Agent Wallets¶

How AI agents manage wallets on Vector — creation, funding, security, and best practices.

Overview¶

Every AI agent interacting with Vector needs a wallet — a cryptographic identity that holds AP3X and native tokens, signs transactions, and represents the agent on-chain.

Vector uses HD wallets (Hierarchical Deterministic) derived from a 15-word mnemonic phrase (15 or 24 words are both accepted). From a single mnemonic, the agent can derive multiple addresses for different purposes.

Vector testnet addresses start with addr1

Vector testnet uses mainnet network ID (networkMagic: 764824073). All addresses — testnet and mainnet — start with addr1, not addr_test1.

Wallet Creation¶

Via MCP Server¶

The MCP server does not have an init command.

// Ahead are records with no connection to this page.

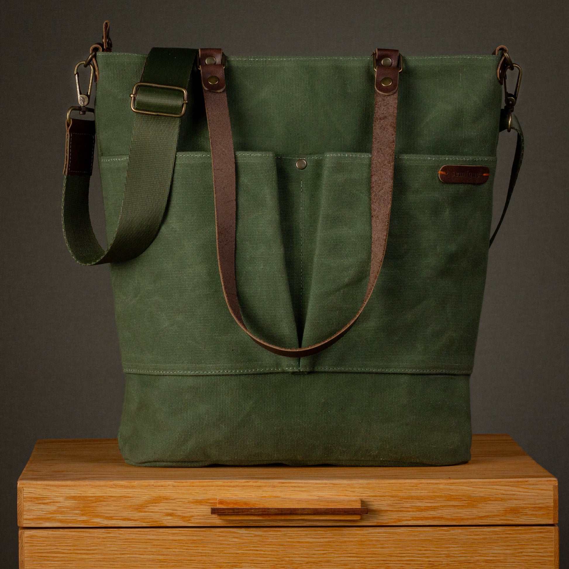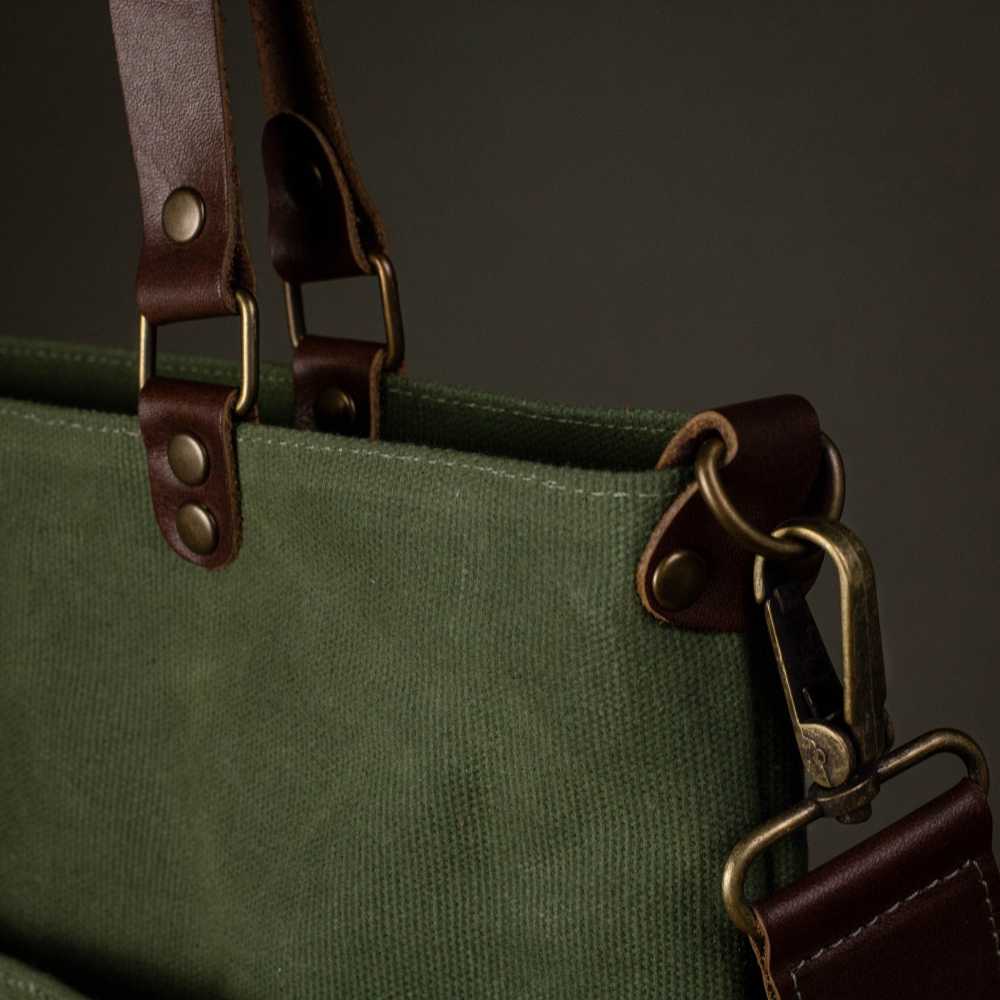 Canvas Crossbody Tote Bag with Leather Handles / Forest Green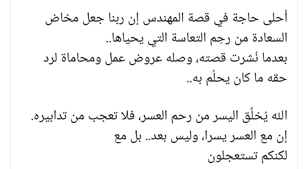 وبدأ المهندس المدني في سرد قصته، وحسبما جاء في المنشور الذي لم يذكر اسمه به، أنه متزوج ولديه ولد وابنة وكان راتبه يكفي بيته بشكل مريح، إلا أن شركته قررت تصفية الموظفين ومكث في المنزل شهورا دون عمل، إلى أن وجد عملًا آخر ولكن براتب أقل.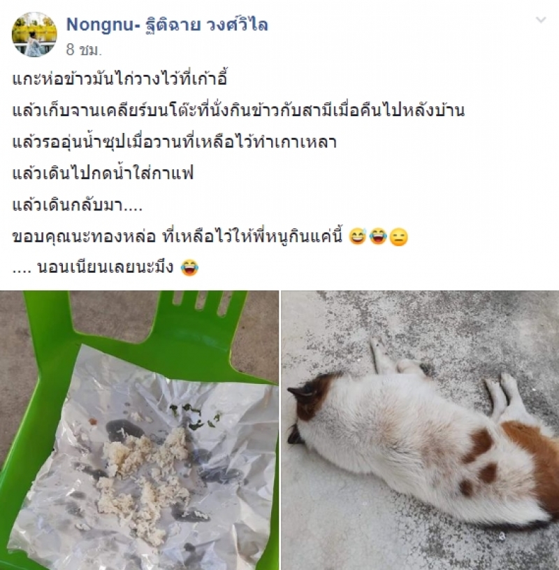 เป็นอีกหนึ่งเรื่องราวที่โซเชียลเข้ามาแสดงความเห็นกันเป็นจำนวนมาก หลังมีผู้ใช้เฟสบุ๊คชื่อ Nongnu ฐิติฉาย วงศ์วิไล ได้ออกมาโพสต์ภาพพร้อมทั้งได้ระบุข้อความว่า กะห่อข้าวมันไก่วางไว้ที่เก้าอี้ แล้วเก็บจานเคลียร์บนโต๊ะที่นั่งกินข้าวกับสามีเมื่อคืนไปหลังบ้าน แล้วรออุ่นน้ำซุปเมื่อวานที่เหลือไว้ทำเกาเหลา แล้วเดินไปกดน้ำใส่กาแฟ แล้วเดินกลับมา ขอบคุณนะทองหล่อ ที่เหลือไว้ให้พี่หนูกินแค่นี้ นอนเนียนเลยนะ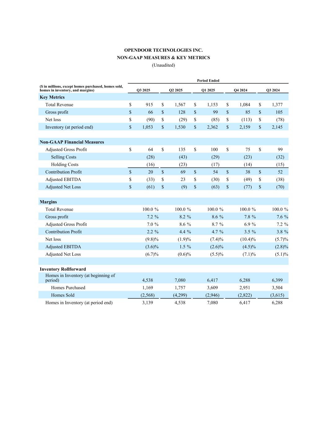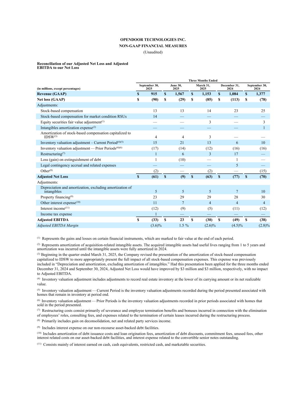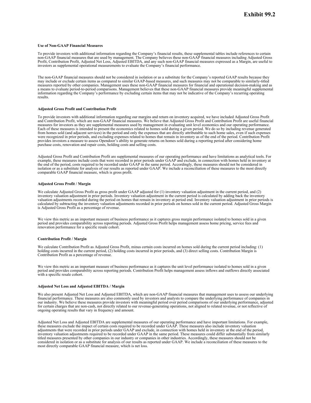 1 Opendoor has not provided a quantitative reconciliation of forecasted Contribution Profit to forecasted GAAP gross profit (loss), forecasted Contribution Margin to forecasted GAAP gross margin, nor a reconciliation of forecasted Adjusted EBITDA to forecasted GAAP net income (loss) within this press release because the Company is unable, without making unreasonable efforts, to calculate certain reconciling items with confidence. These items include, but are not limited to, inventory valuation adjustment and equity securities fair value adjustment. These items, which could materially affect the computation of forward-looking GAAP gross profit (loss), GAAP gross margin, and net income (loss), are inherently uncertain and depend on various factors, some of which are outside of the Company’s control. For more information regarding the non-GAAP financial measures discussed in this press release, please see “Use of Non-GAAP Financial Measures” following the financial tables below.
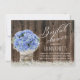 Le souffle du bébé rustique et les invitations bleues de Fête de la mariée de pot de maçon d'hortensia.
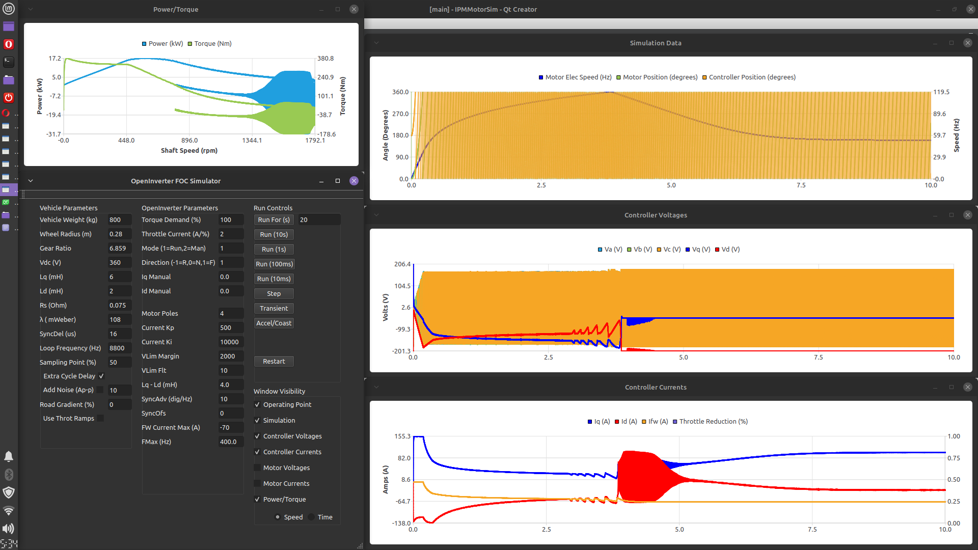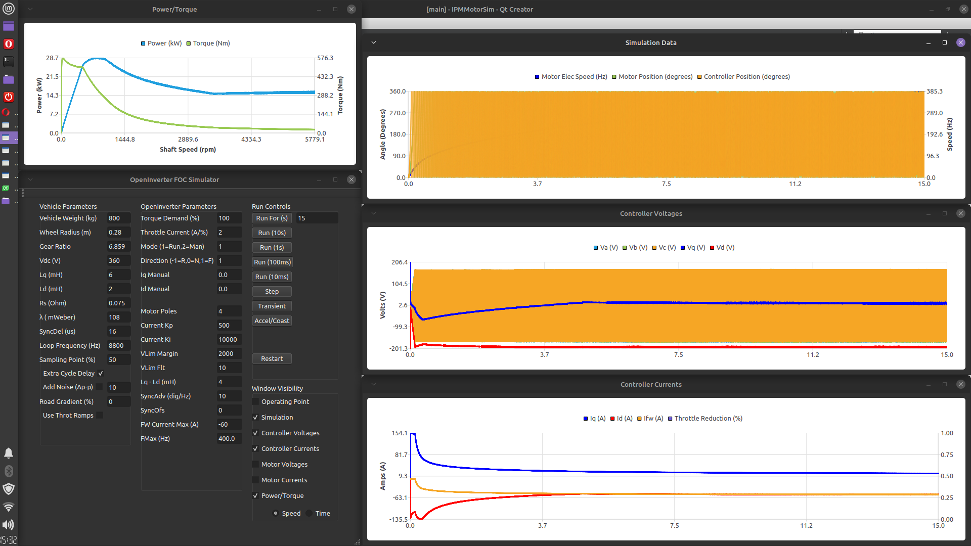 For now revert all the settings in the param_prj.h file to the ones that that come with the one simulator repository https://github.com/Pete9008/IPMMotorSim ... aram_prj.h and just change the ones that appear in the sim's gui to match you car's param_prj file. That should work well in the simulator but still default to your motor parameters. I'll update the documentation to reflect this. Sorry about not being clearer on modifying the param file before, this could explain both your and Ev8's problems.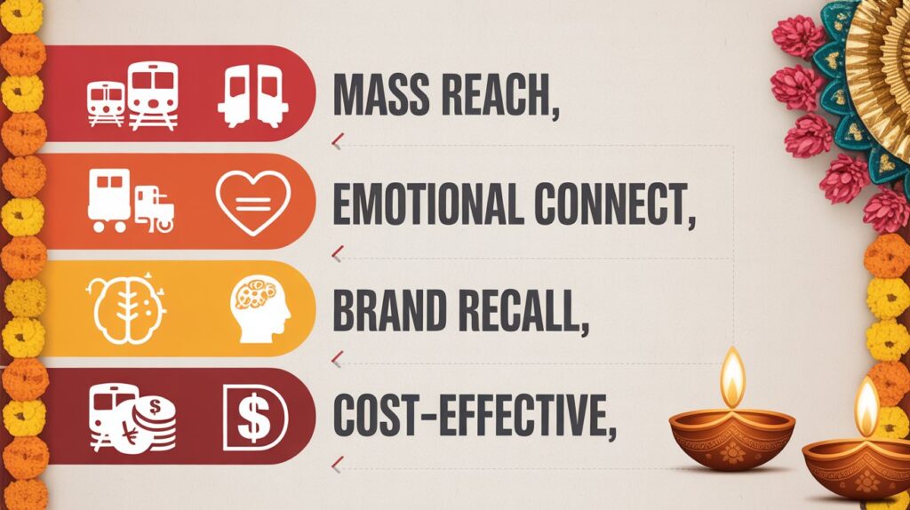 In this way, through a bright full train wrap or a captivating inside panel, your brand is traveling with every commuter during Diwali — there it is, visible, relatable, and unforgettable.

Generate a 15-word mnemonic with any standard BIP39 tool and configure it via VECTOR_MNEMONIC (passed per-call).

Via Python SDK¶

import asyncio
from vector_agent import VectorAgent

async def main():
    async with VectorAgent() as agent:
        # Configured via VECTOR_MNEMONIC env var
        address = await agent.get_address()
        print(f"Agent address: {address}")

asyncio.run(main())

Via TypeScript SDK¶

import { VectorAgent } from '@vector/agent-sdk';

const agent = await VectorAgent.create({
  network: 'testnet',
  walletMnemonic: process.env.VECTOR_MNEMONIC,
  ogmiosUrl: 'wss://ogmios.vector.testnet.apexfusion.org',
  submitUrl: 'https://submit.vector.testnet.apexfusion.org/api/submit/tx',
});

const address = agent.getAddress();

Wallet Architecture¶

Mnemonic (15 or 24 words)
  └── Root Key
       └── Account 0
            ├── External Chain (receiving addresses)
            │   ├── Address 0  ← primary agent address (starts with addr1)
            │   ├── Address 1
            │   └── ...
            └── Internal Chain (change addresses)
                ├── Address 0
                └── ...

The agent typically uses Address 0 from the external chain as its primary address. Change from transactions goes to internal chain addresses automatically.

Mnemonic Security¶

The 15-word mnemonic (or 24-word) is the master key to the wallet. Anyone with the mnemonic can spend all funds.

Do¶

Store the mnemonic in a secrets manager (AWS Secrets Manager, HashiCorp Vault, etc.)
Use environment variables to pass the mnemonic to the MCP server or SDK
Encrypt the mnemonic at rest if storing on disk
Use separate mnemonics for testnet and mainnet agents

Don't¶

Commit the mnemonic to version control
Store it in plain text config files
Share it across multiple agents (each agent should have its own wallet)
Log it anywhere

Environment Variable Pattern¶

TestnetMainnet

export VECTOR_MNEMONIC="your fifteen word mnemonic phrase ..."
export VECTOR_OGMIOS_URL="https://ogmios.vector.testnet.apexfusion.org"
export VECTOR_SUBMIT_URL="https://submit.vector.testnet.apexfusion.org/api/submit/tx"
export VECTOR_KOIOS_URL="https://v2.koios.vector.testnet.apexfusion.org/"
export VECTOR_EXPLORER_URL="https://vector.testnet.apexscan.org"
export VECTOR_ACCOUNT_INDEX="0"
export VECTOR_SPEND_LIMIT_PER_TX="100000000"
export VECTOR_SPEND_LIMIT_DAILY="500000000"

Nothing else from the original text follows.